FRANKLIN, Tenn., Aug. 11, 2010 (GLOBE NEWSWIRE) -- Tennessee Commerce Bancorp, Inc. (Nasdaq:TNCC) announced today the closing of its underwritten public offering of 6,546,500 shares of its common stock at a price of $4.00 per share, which includes 796,500 shares of common stock issued upon partial exercise of the underwriters' 862,500-share over-allotment option. Net proceeds from the offering, after deducting the underwriting discounts and commissions and estimated expenses payable by the Company, were approximately $24.2 million. Macquarie Capital (USA) Inc. served as sole-book running manager and Sterne, Agee & Leach, Inc., FIG Partners, LLC and Odeon Capital Group LLC served as co-managers for the offering.

The Company currently intends to use the net proceeds from the offering to fund organic growth, to enhance its depository franchise and for general corporate purposes, including to repay $8.75 million of existing indebtedness at the parent level. The Company currently expects to contribute a portion of the net proceeds to its subsidiary, Tennessee Commerce Bank, which would use those proceeds as capital and for general corporate purposes.

Tennessee Commerce Bancorp, Inc. is the parent company of Tennessee Commerce Bank. The Bank provides a wide range of banking services and is primarily focused on serving the financial needs of businesses. Its corporate and banking offices are located in Franklin, Tennessee, and it has loan production offices in Atlanta, Birmingham and Minneapolis. Tennessee Commerce Bancorp, Inc.'s stock is traded on the NASDAQ Global Market under the symbol TNCC.
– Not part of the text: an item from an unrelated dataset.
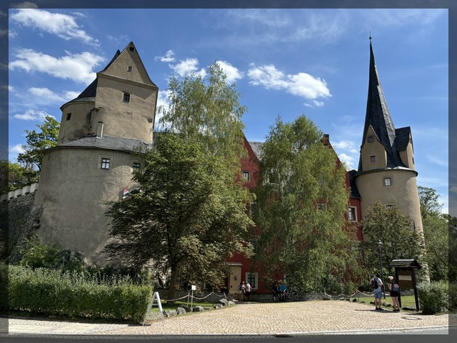 Also weiter entlang der Karlsroute und als Ersatz eine Brotzeit am Weg später. Die Karlsroute führt im Stadtgebiet von Aue über einige mit Anhänger (und eigentlich auch ohne Anhänger) fast unfahrbare Steigungen. Wir fragen uns, wer so etwas plant und weichen auf den mehr oder weniger parallel, aber auf der Straße, verlaufenden Mulderadweg aus. Verkehr herrscht sowieso fast keiner, wohl weil jeder beim Fußball ist. Daher bleiben wir auf der Straße, selbst als beide Radwege auf eine etwas ruhigere Strecke von der Straße abgeleitet werden. Kurz vor Hartenstein kommen wir auf eine kleinere Straße und fahren direkt hintereinander an gleich zwei Burgen bzw. Schlössern vorbei. In der Ortschaft Langenbach kommt ein mit Anhänger wirklich heftiger, zum Glück aber nur recht kurzer, Anstieg. Direkt hinter Langenbach biegen wir von der Straße auf einen dezidierten Radweg ab. Der Mulde-Radweg verläuft nun zwar teilweise sehr weit vom namensgebenden Fluss entfernt, das aber durch wirklich sehr schöne Landschaften. Die Qualität des Radwegs ist extrem wechselnd. In Silberstraße schließt direkt auf perfekten Asphalt ein Stück mit grobem Schotter an, welches so steil bergauf führt, dass Dirk trotz ausreichend Kraft in den Beinen ins Rutschen kommt und daher teilweise wieder schieben muss. Langsam geht es wieder bergab und langsam nähern wir uns auch den Ausläufern von Zwickau.

This announcement does not constitute an offer to sell or a solicitation of an offer to buy any securities, nor shall there be any sale of these securities in any state or jurisdiction in which such an offer, solicitation or sale would be unlawful prior to registration or qualification under the securities laws of any such state or jurisdiction. The offering was made only by means of a prospectus which is a part of the Company's effective registration statement previously filed with the Securities and Exchange Commission. A copy of the prospectus may be obtained from Macquarie Capital (USA) Inc., Attn: Prospectus Department, 125 West 55th St, 22nd Floor, New York, NY 10019, or by calling 212.231.6493 or by e-mailing us.prospectus@macquarie.com.

This press release contains certain forward-looking statements within the meaning of Section 27A of the Securities Act of 1933 and Section 21E of the Securities Exchange Act of 1934, including, but not limited to, statements regarding the use of proceeds. We caution you not to place undue reliance on the forward-looking statements contained in this press release in that actual results could differ materially from those indicated in such forward-looking statements because of a variety of factors, including, without limitation, those factors as set forth in our filings with the SEC. We undertake no obligation to update these forward-looking statements to reflect events or circumstances that occur after the date on which such statements were made.